Available internships/theses:
Due to ongoing works for labs renovation and the persistent absence of norms and rules for operators and participants, we are unable to reply to requests for every type of internship involving the EEG lab
All the proposals are for both bachelor and master students.
(You can find the guidelines for internships and theses on the Psychology School website)
Visual attention
Several investigations of the mechanisms which drive the allocation of visual attention in the space are currently in progress. This research field can provide different possibilities for internships and theses. All projects are carried out with the use of electrencephalography (EEG).
If you are interested, contact Prof. Roberto Dell’Acqua or Dr. Mattia Doro
Visual Working Memory
Behavioral investigations regarding visual working memory will start soon. The aim of the project is to evaluate the importance of geometric coherence when memorizing visual information.
If you are interested, contact Prof. Roberto Dell’Acqua or Dr. Sabrina Brigadoi
The influence of inter-trial interval on cognition
This project is aimed to evaluate the influence of the time between consecutive stimuli on several cognitive effects.
If you are interested, contact Prof. Simone Cutini
Visual cognition and eye movements
We are constantly running oculomotor experiments aimed to explore the impact of social stimuli (e.g., eye-gaze) and non-social stimuli (e.g., arrow) on visual attention and perception.
If you are interested, contact Dr. Mario Dalmaso
Language production and comprehension
How speakers retrieve appropriate words from the thousands they know? Comprehension and production processes are intertwined? Which is the role of prediction in language processing? For answering these questions, behavioral and ERP measures are used.
If you are interested, contact Prof. Peressotti or Prof. Navarrete
Deafness and sign language
This research line is focused on how the linguistic system is shaped in order to process sign language, both at the neural and the functional level. This is a theoretical interesting issue since it would reveal whether there are -and which are- the “universal” structures devoted to language processing that are independent from input and output modality. This research line has also important outcomes for the deaf community, since it shows which are the relevant cognitive and neural mechanisms supporting sign language and in what respect sign language might support spoken language acquisition.
If you are interested, contact Prof.
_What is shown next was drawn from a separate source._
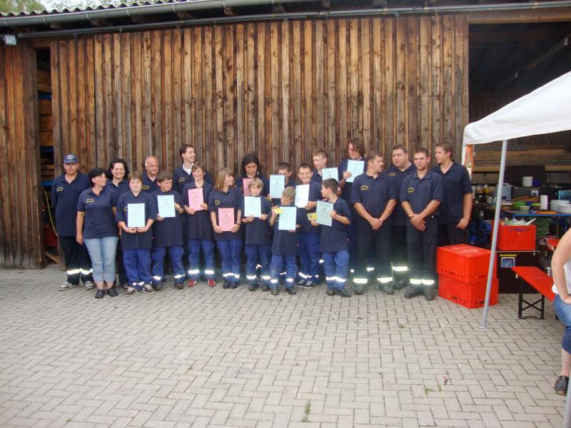 Zunächst stand die Übergabe der „Jugendflamme“ mit der Urkunde an. Wir hatten alle die Aufgaben hervorragend geschafft. Auch unser Bürgermeister Norman Link und Kommandant Dieter Hafner sprachen noch einige Worte an uns. Danach wurde noch kurz ein Gruppenbild gemacht und dann ging es an die „Sau“. Nach dem gemeinsamen Essen war der Abend noch lange nicht vorbei. Als es dunkel wurde führten wir unseren Eltern die gelernten Lagerfeuerlieder vor. Alle mussten viel Lachen über die eigenartigen Lieder. So ließen wir den Abend ausklingen.

Peressotti or Prof. Navarrete
Bilingualism and cognitive consequences of bilingualism
Nowadays the large majority of people can speak more than one language. Often the second language is learned quite late in life, when formal learning in school starts. How the linguistic system is shaped by bilingualism? Are there consequences at other cognitive levels, such as perception of risk, moral judgments, and economic decisions, due to the use of a second language? Is bimodal (a signed and a spoken language) bilingualism different from unimodal (two spoken languages) bilingualism?
If you are interested, contact Prof. Peressotti or Prof. Navarrete
Bilingualism and dialects
To what extent using a dialect might be considered a form of bilingualism? To what extent the same phenomena shown for bilinguals may be extended to people that speaks a formal language and a dialect? Does dialect use modulate the way in which risk is perceived, events are morally judged, and decisions are made?
If you are interested, contact Prof. Peressotti or Prof. Navarrete
Writing and reading processes and the new technology
Tablets, cellular phones, computers are used by the large majority of population on a daily basis. Are cognitive processes shaped by the use of such media? One of the research lines focuses on typewriting and analyze how language production processes unfold using EEG measures.
If you are interested, contact Prof. Peressotti or Prof. Navarrete
Neural entrainment to sentences and phrases
In EEG experiments sequences of syllables will be presented either written or spoken and we will compare sequences which produce meaningful and correct phrases and sentences with random ones. We expect that peaks in the EEG signal at frequency of phrase and sentence stimulation could correlate with different aspects of the structural and lexical material. These predictions will be based both on principled factors and distributional properties of language which can be captured by computational linguistics methods.